Understanding this concept is vital for a few reasons. For one, it should affect your strategy. At some point, it may be tempting to open a position with the intention of closing it very soon after to take advantage of a market that is experiencing rapid short-term gains. In theory, this would be profitable, but taking the spread into account will mean that the trade ends up losing the trader money.

It also means that you should think twice about closing trades. If you are, for instance, looking to reopen a position on the same market shortly after, the spread means you’ll lose more than if you were to keep the existing one open.

6. What is the spread on each market at ETX?

At ETX Capital, we offer highly competitive spread rates for all of the markets on the TraderPro and MT4 platform.

Visit our Trading Costs page to see spreads for FX, Indices, Crypto, Shares, Commodities and Bonds & Interest rates markets for spread betting and CFDs on both TraderPro and MT4.

7. Is it possible to beat the spread?

It’s very possible to beat the spread – by that we mean be profitable on a trade despite spread being taken. The spread is typically a very small proportion of the trade size, so it’s rare that the market prices rise but the trade remains unprofitable due to the spread.

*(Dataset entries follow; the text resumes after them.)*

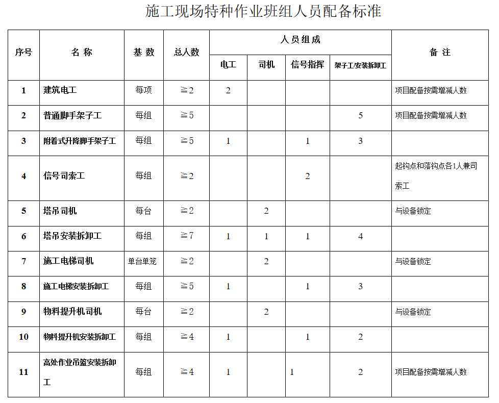 施工现场一般技术工人最低配备标准: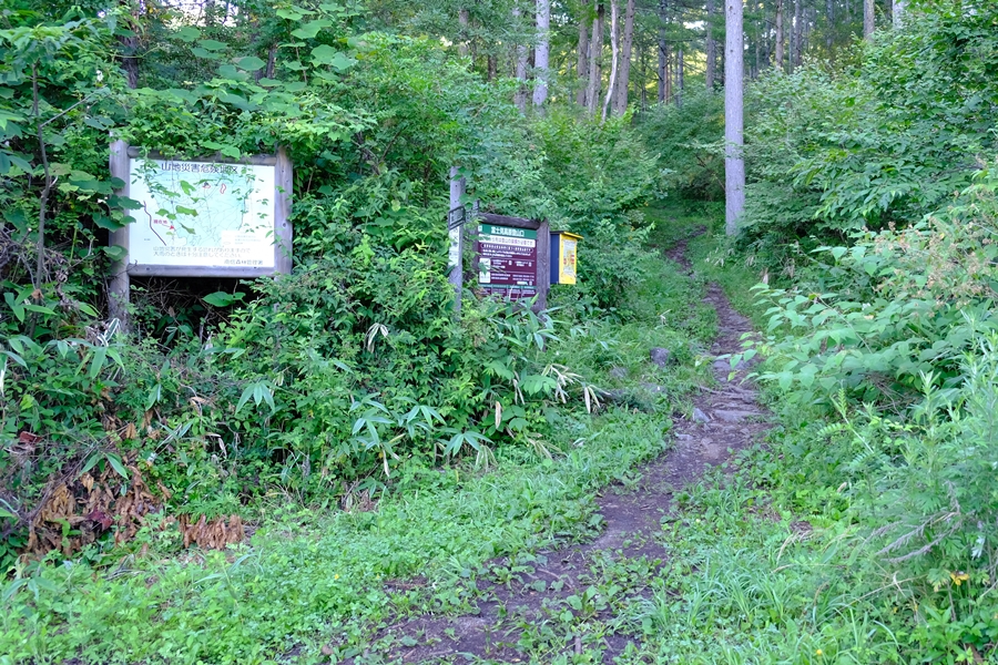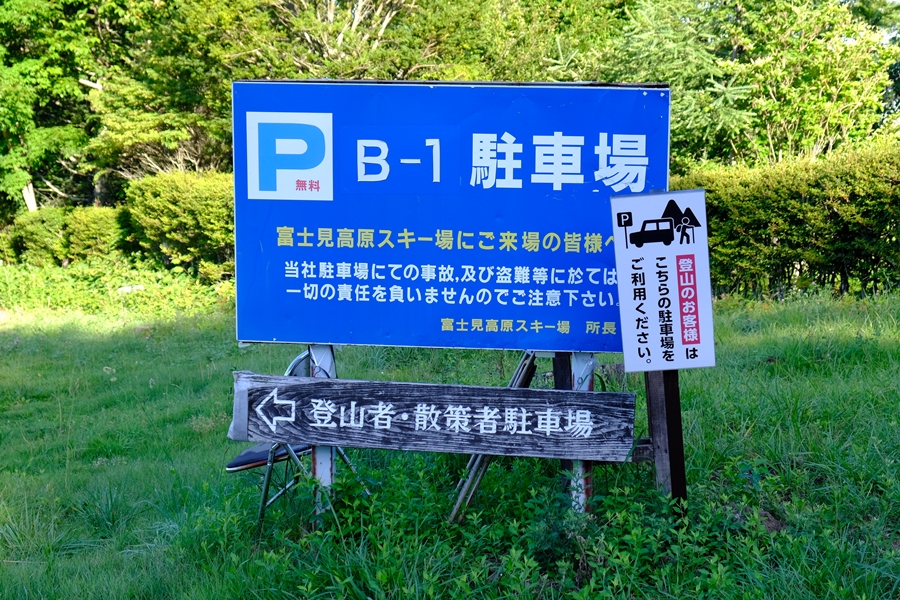 スキー場&ゴルフ場駐車場の一角に登山者用駐車場があり親切だ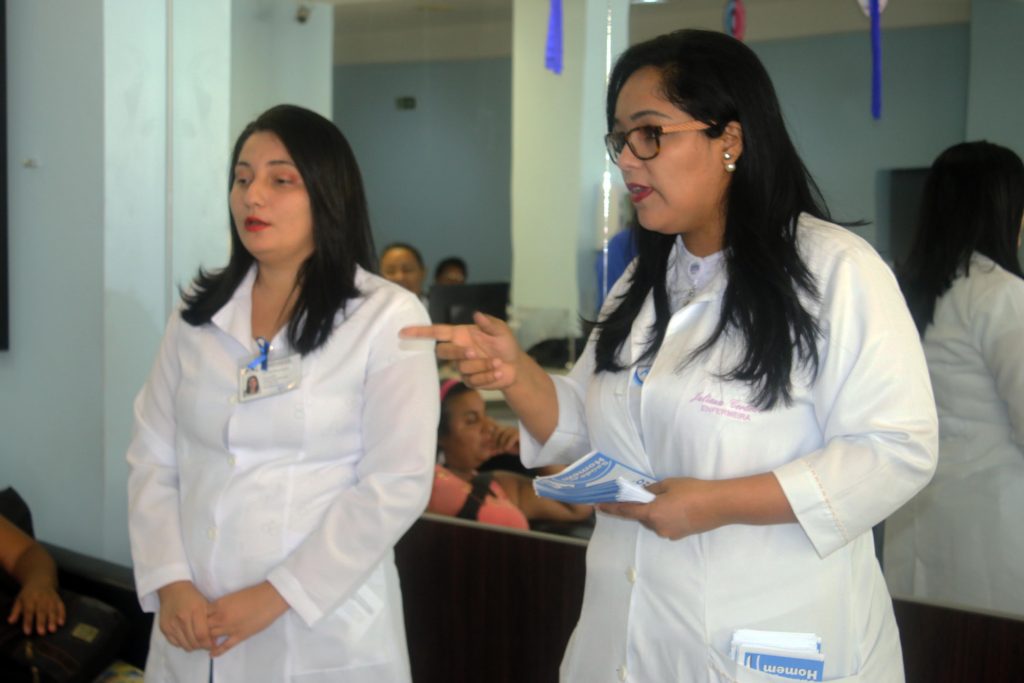 Durante toda esta sexta-feira (17) foram realizadas palestras nas áreas de atendimentos do hospital, ministradas pelas enfermeiras Juliana Cordeiro e Ana Flávia Oliveira, que abordaram os fatores de risco e as formas de prevenção do câncer de próstata, e distribuíram material educativo produzido especialmente para a campanha.

It’s just worth considering the reduction of the spread when thinking about trading involatile or ‘quiet’ markets. If a market has remained around the same price for months and shown little sign of fluctuating, it will be difficult to trade it profitably in the short term.

8. Tips on how to beat the spread

Think about each trade carefully

As mentioned, trading ‘dormant’ markets will likely put you in the red as its price will be less likely to rise above the point at which the spread is cancelled out by the profit. Think about each trade carefully before placing it. There’s no worse feeling than placing a trade and instantly regretting it. You then feel an obligation to keep it open until the cost of the spread is recouped, but that in itself could then lead to even greater losses as there’s no guarantee the market will rise again.  

Look for smallest spread

Some markets can correlate with one another, meaning price movements are either based on the same things or based on the other markets directly. Bitcoin and Altcoins is one example. Typically, a Bitcoin surge will cause the main Altcoins (Ethereum, Ripple, Litecoin) to surge as well. So, if the spread offered on Litecoin is smaller than that offered on Bitcoin, it may be worth investing in the former if you want to take advantage of a general crypto rally.

Don’t close positions too soon

A fundamental mistake that new traders make is closing positions too early. The spread will instantly put your trades in the red, but don’t be deterred. Of course, if the market you have traded on is falling rapidly and you are worried about losses, then close the trade. But if it’s been a few days and your trade is steady but still unprofitable, it might need a longer time to become profitable.

Evaluate why its unprofitable and try to determine what the chances of it becoming profitable are. Then based on your evaluation, either wait it out or close the position – but don’t just immediately close it without thought because it’s losing money.

9. Why do spreads widen?

When you place a trade, you are effectively taking on the broker as they assume the risk and are the ones who will pay you out if your trade is profitable. When markets are specifically volatile and it’s completely unclear as to which way the market will go and by how much, brokers are obtaining more risk by accepting trades. This is because a market is more likely to make a greater move, which could lose the broker a lot of money. So, to counter this risk, a broker might widen the spread.